We are looking for a highly skilled and independent Machine Learning Engineer to lead the design and development of next-generation real-time inference services. This role involves building the core engine that powers large-scale algorithmic decision-making, serving billions of daily requests with extremely tight latency and performance requirements.

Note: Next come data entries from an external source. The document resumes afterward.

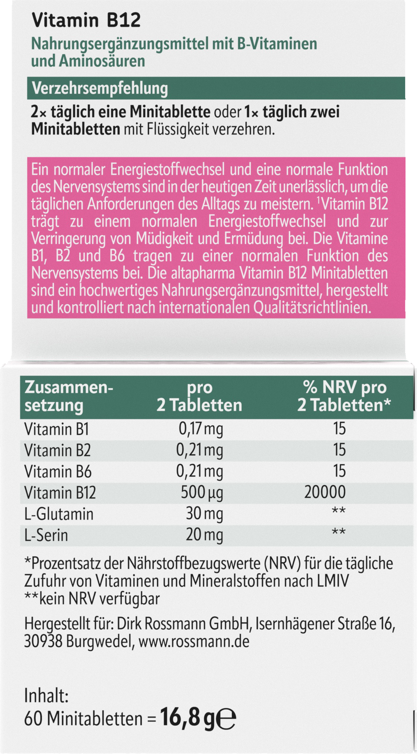 Ein normaler Energiestoffwechsel und eine normale Funktion des Nervensystems sind in der heutigen Zeit unerlässlich, um die täglichen Anforderungen des Alltags zu meistern. Vitamin B12 trägt zu einem normalen Energiestoffwechsel und zur Verringerung von Müdigkeit und Ermüdung bei. Die Vitamine B1, B2 und B6 tragen zu einer normalen Funktion des Nervensystems bei. Die altapharma Vitamin B12 Minitabletten gestellt sind ein hochwertiges Nahrungsergänzungsmittel, her und kontrolliert nach internationalen Qualitätsrichtlinien.
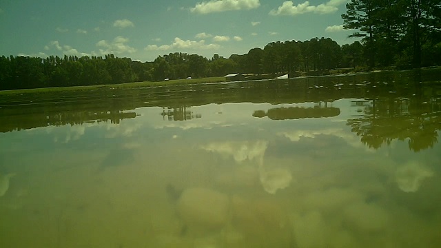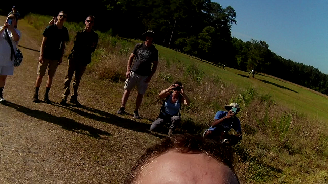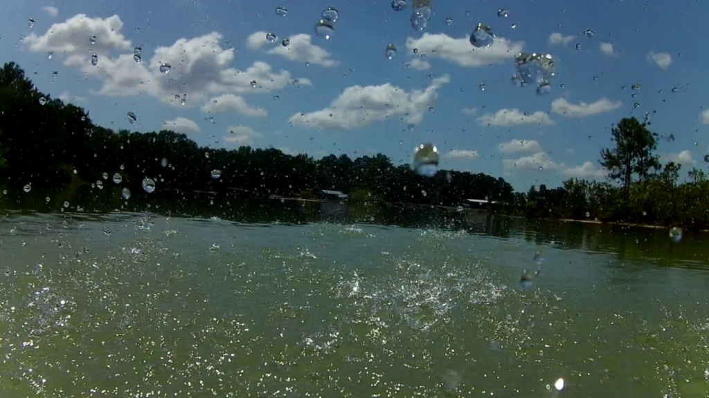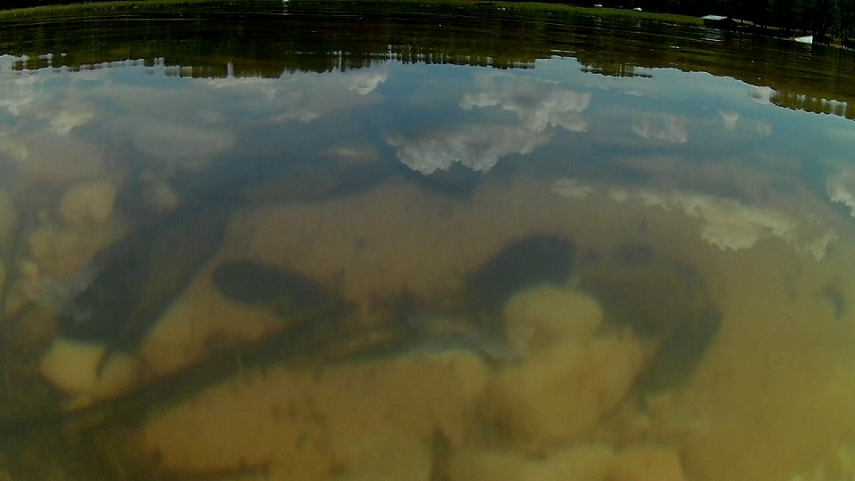 The 808 camera shows the astonished chase crew on the side of the pond in the distance.
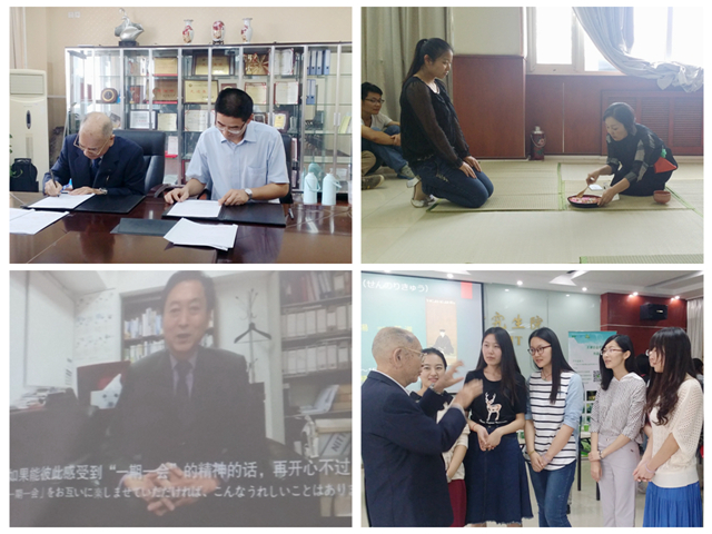 友愛協會的羽中田女士用從日本空運來的榻榻米,橫幅和各種茶具搭建了茶室—無境庵,為同學們演示了正統的茶道,并請大家品嘗了精致的抹茶和茶點。同行的兩位日本大學生川手祥右和高橋佳大也分別就日本的傳統建筑和學生就業做了精彩的報告。友愛協會理事長,日本前首相鳩山由紀夫還特意通過視頻為理工大日語系學生送來問候。
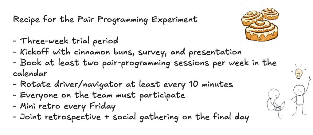 - Developers book two pair-programming sessions per week (in their calendars) during the trial period

You will work at the intersection of machine learning, large-scale backend engineering, and business logic, creating robust, high-availability services capable of supporting massive traffic and dynamic real-time decisions. This is an opportunity to own mission-critical systems in a high-performance environment.

Responsibilities

  • Lead the design and development of low-latency algorithmic inference services handling billions of requests per day.
  • Build and scale real-time decision-making engines, combining ML models with business logic under strict SLAs.
  • Work closely with data science teams to deploy models seamlessly into production.
  • Develop systems for model versioning, shadow deployments, and A/B testing in real time.
  • Ensure high availability, scalability, and observability across production services.
  • Continuously optimize latency, throughput, and cost-efficiency using modern tooling and performance techniques.
  • Collaborate cross-functionally with teams across Algo, Infrastructure, Product, Engineering, and Business.
  • Work independently and take ownership of solutions end-to-end.

Requirements

  • B.Sc. or M.Sc. in Computer Science, Software Engineering, or a related field.
  • 5+ years building high-performance backend or ML inference systems.
  • Strong expertise in Python and experience with low-latency serving frameworks (FastAPI, Triton, TorchServe, BentoML).
  • Experience with scalable architectures, message queues (Kafka, Pub/Sub), and asynchronous processing.
  • Deep understanding of ML model deployment, feature parity, and real-time monitoring.
  • Strong experience with cloud environments (AWS, GCP, OCI) and Kubernetes.
  • Hands-on experience with in-memory & NoSQL databases such as Redis, Aerospike, or Bigtable.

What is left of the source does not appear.